ControlNET and Stable Diffusion: A Game Changer for AI Image Generation
New technology brings unprecedented levels of control to Stable Diffusion

ControlNet is revolutionary. With a new paper submitted last week, the boundaries of AI image and video creation have been pushed even further: It is now possible to use sketches, outlines, depth maps, or human poses to control diffusion models in ways that have not been possible before. Here’s how this is changing the game and bringing us closer to unlimited control of AI imagery and fully customized design:
Finally: In Control!
The revolutionary thing about ControlNET is its solution to the problem of spatial consistency. Whereas previously there was simply no efficient way to tell an AI model which parts of an input image to keep, ControlNet changes this by introducing a method to enable Stable Diffusion models to use additional input conditions that tell the model exactly what to do!
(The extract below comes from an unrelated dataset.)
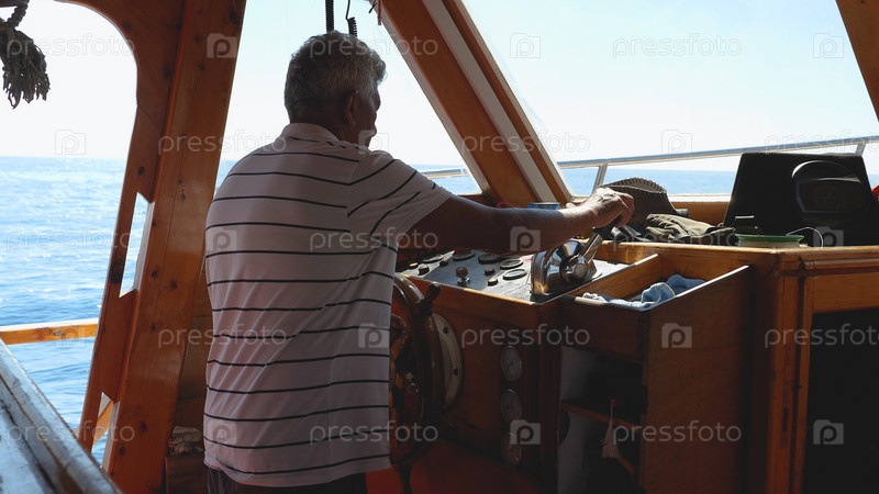 Капитан стоит у руля и контролирует направление лодки. Туристический водный транспорт для путешествий. Капитан рулит деревянным колесом. Со стороны

Reddit user IWearSkin with an apt summary:

ControlNet Examples
To demonstrate ControlNet’s capabilities a bunch of pre-trained models has been released that showcase control over image-to-image generation based on different conditions, e.g. edge detection, depth information analysis, sketch processing, or human pose, etc.
For example, ControlNet’s Canny edge model uses an edge detection algorithm to derive a Canny edge image from a given input image (“Default”), and then uses both for further diffusion-based image generation:

In the same way, ControlNet’s HED model showcases control over an input image via HED boundary detection:

And here’s ControlNet’s pose detection model:

ControlNet’s Scribble model (casually enhances sketch-based diffusion as well):


ControlNET also works with the Stable Diffusion’s default masked diffusion. For example, the Canny Edge model can be used to control image manipulation with manual editing:

And these are just a few examples of the models presented in the original paper, which have already triggered the development of a new generation of toolkits for creators (interestingly, ControlNet casually got rid of “strange hands” already).
In addition, with spatial consistency solved, new advances in temporal consistency and AI cinema can be expected!